The printed circuitry on the top of substrate 35 is shown in FIG. 5 wherein a conductive pad 44 to which solder may be adhered surrounds each hole 36. A wide conductive path 45, functioning as a bus bar, is connected between the holes in interior row 25, adapted to be connected between pins 26 and 27 of that row. Resistive elements 46 printed on the substrate are connected by means of conductive paths 47 between each pad 44 and bus 45. All of the resistors 46 on a single substrate 35 are of the same value but different substrates may have resistors of different values, for example, 75 ohms, 100 ohms or 120 ohms. As shown in FIGS. 3 and 4, the electrical connection between the printed circuit on the top of the substrate and contacts 37 is made by means of solder 43 to conductive pads 48 (FIG. 3) on the bottom of the substrate. Holes 36 are conventional plated-through holes to provide the desired electrical connection between pads 44 and 48 on opposite sides of the substrate.

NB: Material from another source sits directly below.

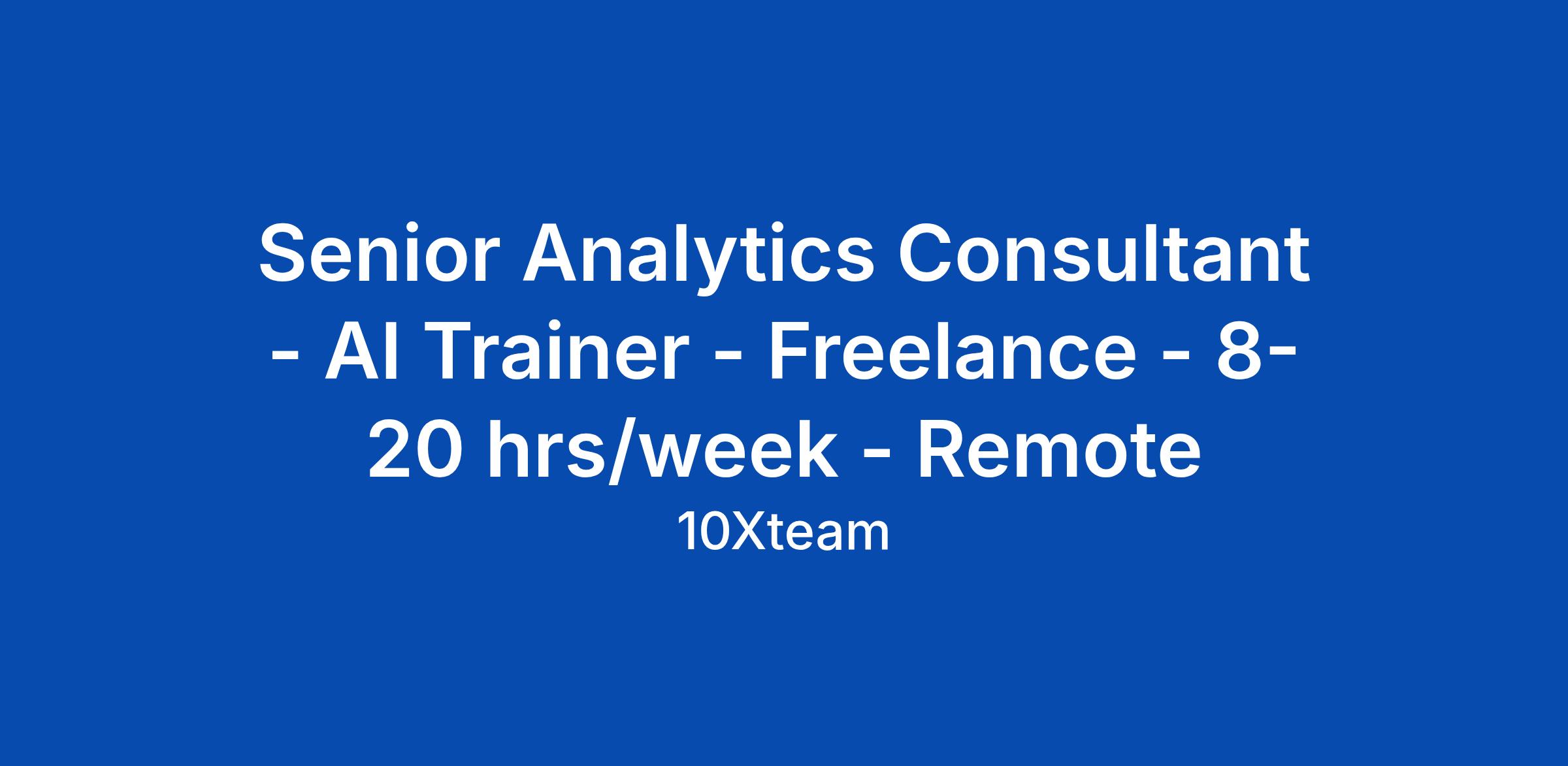 Updated: 16 April 2026 Freelance | 8β20 hrs/week | Remote (EU/UK) Are you an experienced analytics consultant who instinctively spots gaps in data-driven decision making and understands the complex realities of analytics in organisational settings? Do you have 8 to 20 hours per week available alongside your main job or consulting projects? Join us in shaping how AI understands and applies analytics expertise at scale. About the Role 10x.team connects expert freelancers with leading AI labs building next-generation models. We are looking for knowledgeable analytics consultants based in the EU or UK to enhance the accuracy, depth, and real-world relevance of AI-powered analytics and business intelligence systems. What You Will Do - Review and refine AI-generated outputs related to data analytics, reporting, business intelligence, and practical analytics workflows - Evaluate AI responses for analytical rigour, practical value, and real-world applicability - Draft realistic analytics scenarios based on your direct professional experience - Create scenario variations from different perspectives (e.g. analytics consultant, client, business stakeholder, or data scientist) - Identify gaps,
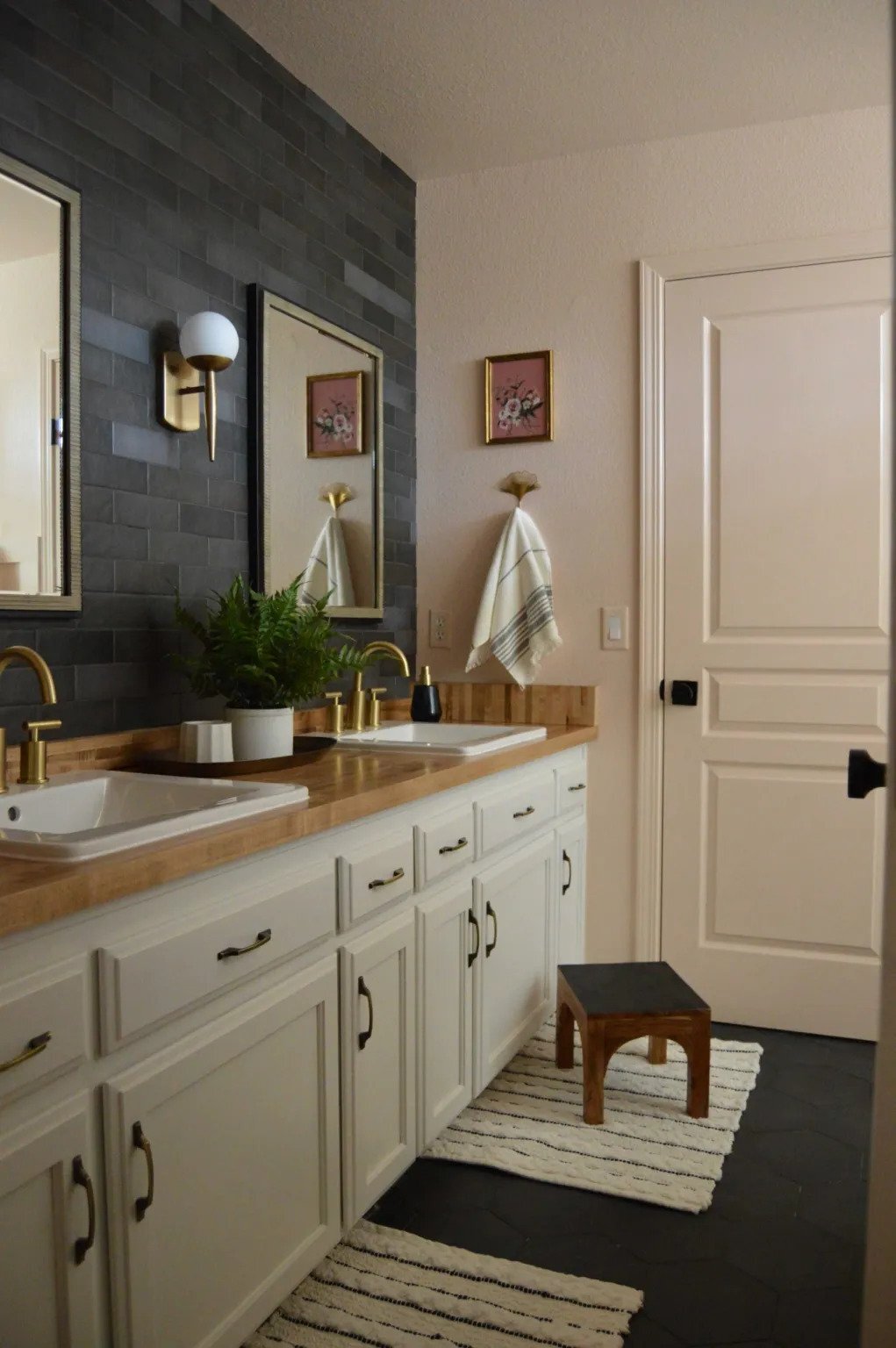 The paint in this girls’ bathroom is very toned-down, but it has just enough color to make the space feel youthful and warm.

Not every resistor on a substrate will be used but a complete network of resistors is provided as desired. When a resistor is not employed in the circuit, conductive path 47 is broken by any convenient means such as a hollow end milling cutter which encompasses the rigid cylindrical end of the contact and is rotated to sever the contact from the printed circuitry, thereby effectively removing the resistor from the circuit and from connection with a pin 17. In order to ensure that no electrical connection is made between a pin and the printed circuitry on substrate 35, given the fact that holes 36 are lined with conductive material, the connection between pads 44 and resistors 46 is also physically severed in a similar manner. One of the conductive planes of board 11 is electrical ground and either pin 26 or 27 of interior row 25 is connected thereto. Therefore, bus 45 provides the necessary connection between a pin 17 through a resistor 46 to ground. A logic line, which may include several gates in integrated circuits mounted to the other side of the panel board, is thus terminated through an appropriate resistor to ground. A decoupling capacitor 51 may be included in the printed circuit on substrate 35 if necessary.

Instead of the socket pins shown in FIG. 1, the present invention may employ the resilient contact pins 52 as shown in FIG. 6. This arrangement permits the use of integrated circuit packages 28 with the conductive leads pointing either downward or upward when mounted in a special carrier 53 as shown. However, the opposite side of the panel board is identical with the ones shown in the previous figures, that is, it comprises only arrays of wire wrapping pins projecting therefrom, together with the wires connected to the pins, and substrates 35 mounted to the pins 17 above the wires wrapped upon them.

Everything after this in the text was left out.